## TASK BRIEF
Each line of the records below that holds "center" should be copied out.

(Records from a data source)
= = = = = = =

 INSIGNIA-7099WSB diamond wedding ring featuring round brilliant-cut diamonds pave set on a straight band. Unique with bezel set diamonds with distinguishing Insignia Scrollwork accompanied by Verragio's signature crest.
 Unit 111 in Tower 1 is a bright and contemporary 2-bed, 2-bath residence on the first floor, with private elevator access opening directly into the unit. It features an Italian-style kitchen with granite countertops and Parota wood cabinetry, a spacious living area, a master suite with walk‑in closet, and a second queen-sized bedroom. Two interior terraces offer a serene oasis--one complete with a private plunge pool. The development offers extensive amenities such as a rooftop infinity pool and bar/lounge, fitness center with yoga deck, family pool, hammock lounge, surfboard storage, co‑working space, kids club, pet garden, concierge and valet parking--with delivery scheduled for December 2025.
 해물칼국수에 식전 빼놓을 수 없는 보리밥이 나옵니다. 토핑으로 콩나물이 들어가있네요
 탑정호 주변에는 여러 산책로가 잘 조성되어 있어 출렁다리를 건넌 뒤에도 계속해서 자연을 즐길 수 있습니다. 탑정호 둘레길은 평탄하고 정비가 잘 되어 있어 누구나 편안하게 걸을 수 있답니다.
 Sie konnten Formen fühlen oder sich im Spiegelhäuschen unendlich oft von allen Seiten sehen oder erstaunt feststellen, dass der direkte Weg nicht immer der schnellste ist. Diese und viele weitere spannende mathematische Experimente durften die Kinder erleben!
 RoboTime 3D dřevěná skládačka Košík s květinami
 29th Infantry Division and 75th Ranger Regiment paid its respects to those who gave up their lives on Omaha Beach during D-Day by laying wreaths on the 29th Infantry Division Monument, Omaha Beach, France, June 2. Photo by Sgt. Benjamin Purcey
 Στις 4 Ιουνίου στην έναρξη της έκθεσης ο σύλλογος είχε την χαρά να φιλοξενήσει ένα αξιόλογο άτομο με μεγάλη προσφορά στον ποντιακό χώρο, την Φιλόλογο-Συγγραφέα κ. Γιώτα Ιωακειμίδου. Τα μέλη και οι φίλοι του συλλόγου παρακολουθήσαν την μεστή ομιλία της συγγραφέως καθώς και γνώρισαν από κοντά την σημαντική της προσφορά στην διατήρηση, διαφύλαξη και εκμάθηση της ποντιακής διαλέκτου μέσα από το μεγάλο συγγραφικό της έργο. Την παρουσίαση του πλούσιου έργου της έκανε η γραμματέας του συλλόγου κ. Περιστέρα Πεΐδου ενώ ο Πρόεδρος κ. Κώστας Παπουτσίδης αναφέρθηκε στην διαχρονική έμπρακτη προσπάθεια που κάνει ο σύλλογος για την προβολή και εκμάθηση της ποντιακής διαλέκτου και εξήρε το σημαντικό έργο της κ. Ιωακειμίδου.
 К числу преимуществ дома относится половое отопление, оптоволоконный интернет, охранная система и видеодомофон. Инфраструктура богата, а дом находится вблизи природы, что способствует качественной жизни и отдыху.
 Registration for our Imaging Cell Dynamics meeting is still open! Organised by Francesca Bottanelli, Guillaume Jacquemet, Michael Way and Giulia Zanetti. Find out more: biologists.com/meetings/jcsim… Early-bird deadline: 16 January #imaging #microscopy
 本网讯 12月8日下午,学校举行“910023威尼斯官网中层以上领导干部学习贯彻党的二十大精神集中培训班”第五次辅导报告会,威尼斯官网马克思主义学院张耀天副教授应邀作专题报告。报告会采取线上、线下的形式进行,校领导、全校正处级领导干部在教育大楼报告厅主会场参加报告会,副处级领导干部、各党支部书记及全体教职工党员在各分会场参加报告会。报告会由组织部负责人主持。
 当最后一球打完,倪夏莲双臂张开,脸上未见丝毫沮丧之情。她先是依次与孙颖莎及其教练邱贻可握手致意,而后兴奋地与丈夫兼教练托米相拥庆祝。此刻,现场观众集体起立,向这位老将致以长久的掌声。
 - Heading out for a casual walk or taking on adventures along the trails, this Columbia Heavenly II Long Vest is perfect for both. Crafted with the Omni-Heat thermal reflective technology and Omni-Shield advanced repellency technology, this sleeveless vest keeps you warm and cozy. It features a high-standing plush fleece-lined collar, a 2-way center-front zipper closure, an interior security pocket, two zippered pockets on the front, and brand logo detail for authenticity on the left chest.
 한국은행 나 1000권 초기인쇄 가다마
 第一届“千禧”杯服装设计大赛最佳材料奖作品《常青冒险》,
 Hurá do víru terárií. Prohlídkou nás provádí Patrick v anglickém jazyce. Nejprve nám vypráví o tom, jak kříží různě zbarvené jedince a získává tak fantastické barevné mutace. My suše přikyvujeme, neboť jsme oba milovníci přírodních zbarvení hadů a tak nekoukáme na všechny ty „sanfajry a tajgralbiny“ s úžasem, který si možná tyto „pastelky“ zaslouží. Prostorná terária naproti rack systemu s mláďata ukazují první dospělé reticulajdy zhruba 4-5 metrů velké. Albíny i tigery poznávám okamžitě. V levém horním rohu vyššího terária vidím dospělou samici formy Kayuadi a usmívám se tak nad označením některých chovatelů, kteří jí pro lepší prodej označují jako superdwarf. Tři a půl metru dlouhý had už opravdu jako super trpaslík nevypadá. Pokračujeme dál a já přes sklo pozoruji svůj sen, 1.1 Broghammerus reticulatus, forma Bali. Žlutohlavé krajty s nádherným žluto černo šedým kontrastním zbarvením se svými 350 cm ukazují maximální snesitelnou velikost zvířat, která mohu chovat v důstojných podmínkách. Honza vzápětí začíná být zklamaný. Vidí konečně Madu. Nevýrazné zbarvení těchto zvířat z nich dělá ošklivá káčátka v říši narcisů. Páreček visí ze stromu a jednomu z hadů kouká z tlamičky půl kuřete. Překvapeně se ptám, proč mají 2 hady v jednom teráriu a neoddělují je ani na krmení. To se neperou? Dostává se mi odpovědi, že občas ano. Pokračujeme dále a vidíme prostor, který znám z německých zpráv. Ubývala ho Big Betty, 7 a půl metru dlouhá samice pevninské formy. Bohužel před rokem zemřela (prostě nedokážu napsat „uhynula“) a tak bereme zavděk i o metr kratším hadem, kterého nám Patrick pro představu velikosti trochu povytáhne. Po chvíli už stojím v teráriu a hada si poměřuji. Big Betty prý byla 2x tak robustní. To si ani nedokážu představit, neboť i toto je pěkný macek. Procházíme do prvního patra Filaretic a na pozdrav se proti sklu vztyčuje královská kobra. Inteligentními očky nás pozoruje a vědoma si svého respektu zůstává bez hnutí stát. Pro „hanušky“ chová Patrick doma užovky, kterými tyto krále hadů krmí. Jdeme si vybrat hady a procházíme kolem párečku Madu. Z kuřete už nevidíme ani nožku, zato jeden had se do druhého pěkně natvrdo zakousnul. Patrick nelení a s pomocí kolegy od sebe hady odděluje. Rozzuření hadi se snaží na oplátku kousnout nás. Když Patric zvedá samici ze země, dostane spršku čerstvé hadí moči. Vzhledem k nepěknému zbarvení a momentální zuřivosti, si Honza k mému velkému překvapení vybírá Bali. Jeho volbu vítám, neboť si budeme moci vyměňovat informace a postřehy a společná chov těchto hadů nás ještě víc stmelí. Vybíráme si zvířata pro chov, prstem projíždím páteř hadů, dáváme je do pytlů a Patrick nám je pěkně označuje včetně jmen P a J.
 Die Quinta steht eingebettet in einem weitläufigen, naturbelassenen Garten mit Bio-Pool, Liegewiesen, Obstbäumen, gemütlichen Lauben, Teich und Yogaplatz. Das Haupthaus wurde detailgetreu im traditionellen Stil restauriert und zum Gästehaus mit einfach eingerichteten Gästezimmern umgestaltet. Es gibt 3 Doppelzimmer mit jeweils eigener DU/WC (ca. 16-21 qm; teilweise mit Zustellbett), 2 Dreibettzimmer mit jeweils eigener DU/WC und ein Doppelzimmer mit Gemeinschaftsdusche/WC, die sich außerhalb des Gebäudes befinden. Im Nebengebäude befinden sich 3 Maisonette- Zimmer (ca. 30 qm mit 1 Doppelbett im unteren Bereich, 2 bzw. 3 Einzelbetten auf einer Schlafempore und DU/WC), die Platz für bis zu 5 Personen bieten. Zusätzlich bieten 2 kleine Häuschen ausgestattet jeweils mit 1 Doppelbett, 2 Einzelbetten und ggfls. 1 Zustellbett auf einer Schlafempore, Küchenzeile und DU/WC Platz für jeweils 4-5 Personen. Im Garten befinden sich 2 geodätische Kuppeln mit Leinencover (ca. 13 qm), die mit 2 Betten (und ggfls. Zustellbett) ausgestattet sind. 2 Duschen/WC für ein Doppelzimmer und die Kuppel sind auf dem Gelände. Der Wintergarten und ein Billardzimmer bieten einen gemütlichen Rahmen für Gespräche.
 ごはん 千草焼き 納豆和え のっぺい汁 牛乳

= = = = = = =

## SOLUTION BELOW
 Unit 111 in Tower 1 is a bright and contemporary 2-bed, 2-bath residence on the first floor, with private elevator access opening directly into the unit. It features an Italian-style kitchen with granite countertops and Parota wood cabinetry, a spacious living area, a master suite with walk‑in closet, and a second queen-sized bedroom. Two interior terraces offer a serene oasis--one complete with a private plunge pool. The development offers extensive amenities such as a rooftop infinity pool and bar/lounge, fitness center with yoga deck, family pool, hammock lounge, surfboard storage, co‑working space, kids club, pet garden, concierge and valet parking--with delivery scheduled for December 2025.
 - Heading out for a casual walk or taking on adventures along the trails, this Columbia Heavenly II Long Vest is perfect for both. Crafted with the Omni-Heat thermal reflective technology and Omni-Shield advanced repellency technology, this sleeveless vest keeps you warm and cozy. It features a high-standing plush fleece-lined collar, a 2-way center-front zipper closure, an interior security pocket, two zippered pockets on the front, and brand logo detail for authenticity on the left chest.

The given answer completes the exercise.